NAS Auto-Operator set for 'overdue age' executed on an alarm that was closed before it reached that age
search cancel

NAS Auto-Operator set for 'overdue age' executed on an alarm that was closed before it reached that age

book

Article ID: 369222

calendar_today

Updated On:

Products

DX Unified Infrastructure Management (Nimsoft / UIM)

Issue/Introduction

A NAS Auto-Operator on the DX UIM primary hub is set to run a script on certain alarms after reaching a particular age using the "overdue age" functionality.

This script performs some activity and sends an email if the alarm has been open for over a certain number of seconds (e.g. 80 seconds).

 

We received an email from this script but upon investigation the alarm was already closed, and we found that the alarm must have been generated mistakenly, because the difference between the "open" and "closed" times of the alarm was less than the given "overdue age" value.  The alarm had closed after 59 seconds according to the timestamps on the alarm, but it still triggered this script for some reason.

 

 

Why would this occur?  Can it be prevented?

Shouldn't closing the alarm prevent it from becoming "overdue" ?

Environment

DX UIM Any version

Multiple NAS probes distributed to secondary hubs with replication enabled

Cause

NAS replication occurs in batches.  There is a small and unavoidable delay between the time an alarm arrives at a secondary NAS and the time it will be replicated to the primary hub NAS.

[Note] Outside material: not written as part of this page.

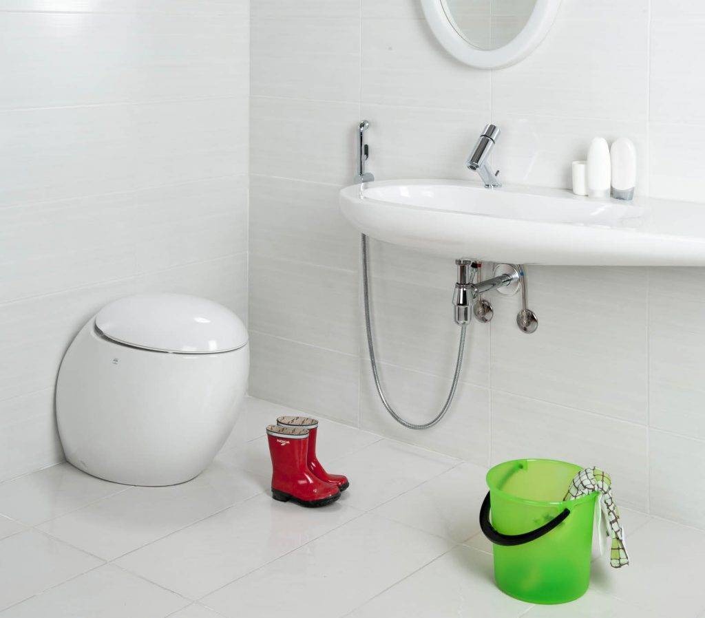 - Он идеально подходит для совмещенных санузлов, где одновременно установлены раковина и унитаз. Причем между ними должно быть небольшое расстояние, чтобы было достаточно шланга смесителя.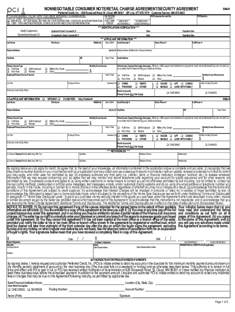NONNEGOTIABLE CONSUMER NOTE/RETAIL CHARGE AGREEMENT/SECURITY AGREEMENTRI06RPreferred Credit, Inc. 628 Roosevelt Road, St. Cloud, MN 56301 ZIP Line: 8778781079 Customer Service: 8009720825IF YOU ARE

When an alarm arrives via replication, it has a timestamp on it that corresponds to the time it was opened - and when it is replicated to the primary hub, the "overdue age" starts counting from the original timestamp of the alarm.

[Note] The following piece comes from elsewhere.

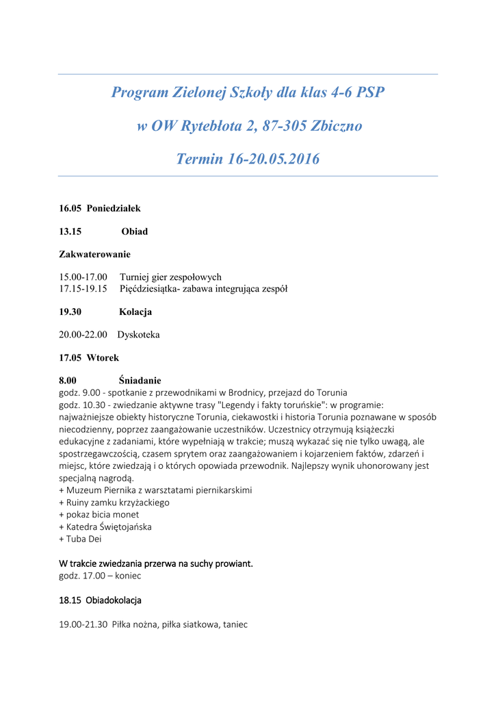 Program Zielonej Szkoły dla klas 4-6 PSP w OW Rytebłota 2, 87-305 Zbiczno Termin 16-20.05.2016 16.05 Poniedziałek 13.15 Obiad Zakwaterowanie 15.00-17.00 17.15-19.15 Turniej gier zespołowych Pięćdziesiątka- zabawa integrująca zespół 19.30 Kolacja 20.00-22.00 Dyskoteka 17.05 Wtorek 8.00 Śniadanie godz. 9.00 - spotkanie z przewodnikami w Brodnicy, przejazd do Torunia godz. 10.30 - zwiedzanie aktywne trasy "Legendy i fakty toruńskie": w programie: najważniejsze obiekty historyczne Torunia, ciekawostki i historia Torunia poznawane w sposób niecodzienny, poprzez zaangażowanie uczestników. Uczestnicy otrzymują książeczki edukacyjne z zadaniami, które wypełniają w trakcie; muszą wykazać się nie tylko uwagą, ale spostrzegawczością, czasem sprytem oraz zaangażowaniem i kojarzeniem faktów, zdarzeń i miejsc, które zwiedzają i o których opowiada przewodnik. Najlepszy wynik uhonorowany jest specjalną nagrodą. + Muzeum Piernika z warsztatami piernikarskimi + Ruiny zamku krzyżackiego + pokaz bicia monet + Katedra Świętojańska + Tuba Dei W trakcie zwiedzania przerwa na suchy prowiant. godz. 17.00 – koniec 18.15 Obiadokolacja 19.00-21.30 Piłka nożna, piłka siatkowa, taniec 18.05 Środa 09.00 Śniadanie Klasy ( IV-VI) cała grupa 10.0 - 12.00 Zabawa integracyjna („Szpiedzy”) 12.15 – 13.15 Baloniada, gry strategiczne, zabawy taneczne 13.15 Obiad 14.30 – 17.00 Zajęcia w lesie (gra terenowa, bazy, sztuka kamuflażu) 17.30- 18.00 Międzyklasowa sportowa rywalizacja 18.30- 21.30 Kolacja przy ognisku, gry i zabawy 19.05 Czwartek (opcja 1) 9.00 Śniadanie 9.45 Zbiórka podział na grupy 10.00- 11.00 10.00- 11.00 10.00- 11.00 Klasa IV Klasy V a,b Klasa VI Paintball wodny Taniec, gry i zabawy przy muzyce Gry i zabawy na wodzie 11.15- 12.15 11.15- 12.15 11.15- 12.15 Klasa VI Klasa IV Klasy Va,b Paintball wodny Taniec, gry i zabawy przy muzyce Gry i zabawy na wodzie 12.30- 13.30 12.30- 13.30 12.30- 13.30 Klasa Va,b Klasa VI Klasa IV Paintball wodny Taniec, gry i zabawy przy muzyce Gry i zabawy na wodzie 14.00 Obiad 15.00-17.00 Całość (klasy IV-VI) aktywność do wyboru (majsterkowanie, piłka nożna taniec, gry i zabawy) Zajęcia w lesie (gra terenowa, bazy, sztuka kamuflażu) 17.15-18.45 19.00 20.00-21.30 Kolacja Zawody sportowe (opcja 2) 9.00 Śniadanie+(suchy prowiant) Zwiedzamy: Brodnica - unikalny trójkątny rynek (pozostałości dawnego, gotyckiego ratusza), - ulica Farna, - kościół św. Katarzyny, - most na Drwęcy, - Wieża Mazurska, - renesansowy spichlerz, - Muzeum w Brodnicy, - Mały Rynek, - Brama Chełmińska, - Park Chopina, - Pałac Anny Wazówny, - pozostałości zamku krzyżackiego. Olsztynek: - zamek z XIX w i fragmenty zabytkowych murów, ok. 1,5 km długości, - Muzeum Budownictwa Ludowego ( Park Etnograficzny w Olsztynku): kilkadziesiąt obiektów, zwierzęta, ogrody, sklepik z pamiątkami - neoklasycystyczny ratusz, - kościół ewangelicki z XIV w, - kamieniczki z przełomu XIX i XX w, 18.30 Obiadokolacja 19.30-21.0 Gry zespołowe Uwaga! W czwartek uczniowie decydują, którą opcje wybierają. 20.05 Piątek 8.15 10.00 -11.00 11.00 -12.00 16.00 Śniadanie Rozdanie nagród Pakowanie, zabieramy suchy prowiant, wyjazd do Warszawy Przyjazd pod szkołę Cena: 5 dni / 680 zł Cena zawiera: - przejazd autokarem o podwyższonym standardzie z pasami bezpieczeństwa, - pełna realizacja powyższego programu, -wszystkie noclegi, - pełne wyżywienie ( śniadanie, obiad, deser, kolacja lub śniadanie, suchy prowiant, obiadokolacja) - wszystkie atrakcje, - bilety wstępu, - przewodnicy, -ubezpieczenie NNW, -opieka pilota, Zajęcia sportowo-rekreacyjne prowadzone przez doświadczonych instruktorów

In some rare cases, an alarm may close within the appropriate "overdue age" window, but the primary hub may not learn about the closure until the time has passed, and will have already triggered the corresponding Auto-Operator profile.

Then, when the alarm closure is replicated, the "closed" time is also replicated - so it reflects the time that the alarm was closed on the original/sending NAS.

If there is a delay in replicating the closure, so that the Auto-Operator has already fired, the alarm will be updated at closure with a timestamp that is now "in the past".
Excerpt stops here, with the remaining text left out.